Search ForexCrunch
  • AUD/USD fails to extend recent bounce off 0.6735 amid a lack of fresh catalysts.
  • US-China trade story keeps flashing mixed signals with the US bill concerning Hong Kong likely spoiling the mood.
  • Westpac Leading Index becomes the immediate catalyst with trade news being the major driver.

Despite bouncing off at the day’s start, the AUD/USD pair fails to hold on to recovery gains while trading around 0.6750 during early Asian morning on Wednesday.

While the overall strength of the US Dollar (USD) continues exerting downside pressure on the rest of the majors, Aussie recently benefited from the shift in market mood after the US-China diplomats seem positive for future trade relations.

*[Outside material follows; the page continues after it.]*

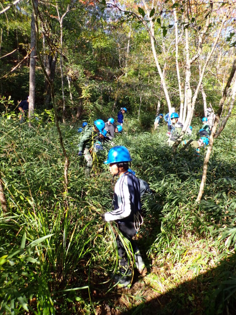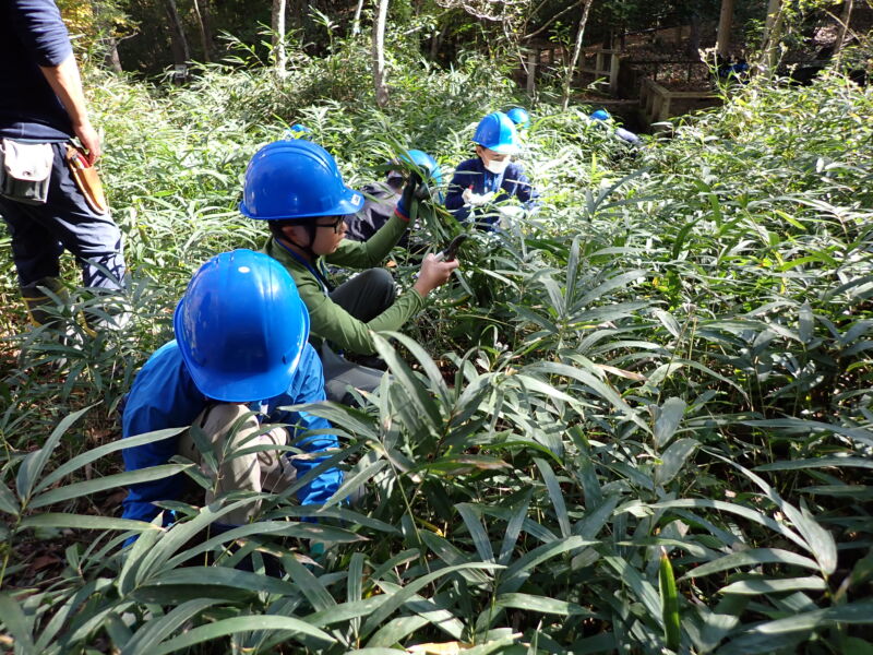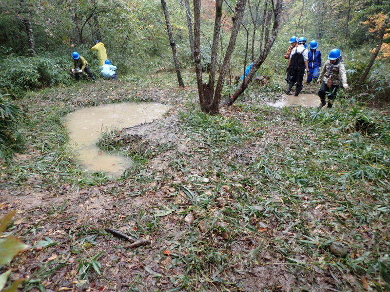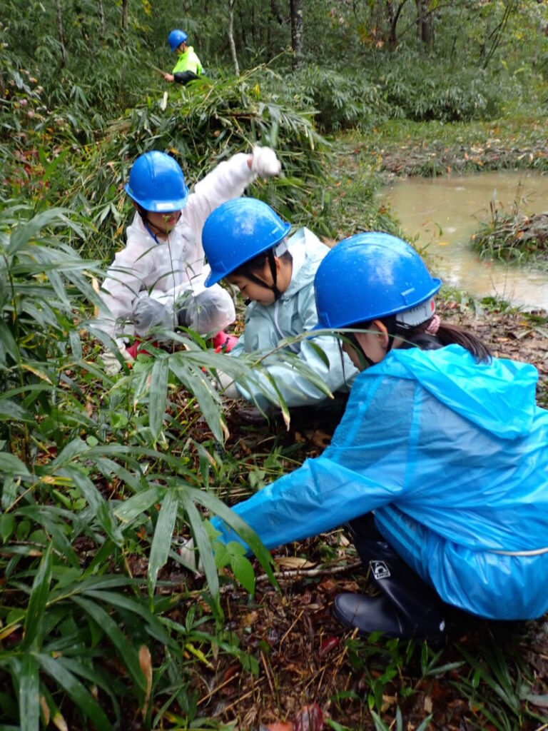 有馬富士公園内の湿地が笹や低木に覆われてきているため、それらを刈り取り、明るい空間を作り出すとともに少し穴を掘って湿地を再生するという作業を行います。森を明るくすることで日向を好む植物が新たに育つことができます。また、広い湿地を作ることでカエル、トンボのヤゴ、ミズカマキリ、ゲンゴロウ類など新たな小動物がやってきます。さらに鳥やけものが水を飲みに来たり、水浴びすることもできます。

Though, the gains couldn’t last long mainly due to the Bloomberg story conveying the fact that the US House passed a bill that requires annual review of the situation in Hong Kong and avoids Beijing’s previous warnings to not interfere in the issue.

It can also be said that the latest upbeat comments by the Federal Reserve officials add to the strength of the greenback.

Moving on, Westpac Leading Index, -0.28% prior, seems to provide nearby direction to the Aussie while the US Retail Sales and Fedspeak could offer background music amid the louder trade noise to drive prices.

Technical Analysis

A two-week-old rising trend line, around 0.6730, acts as nearby support for the pair ahead of highlighting 0.6700 and 0.6670 to bears. On the upside, 0.6810 becomes the key barrier towards 0.6850 and September month top nearing 0.6900.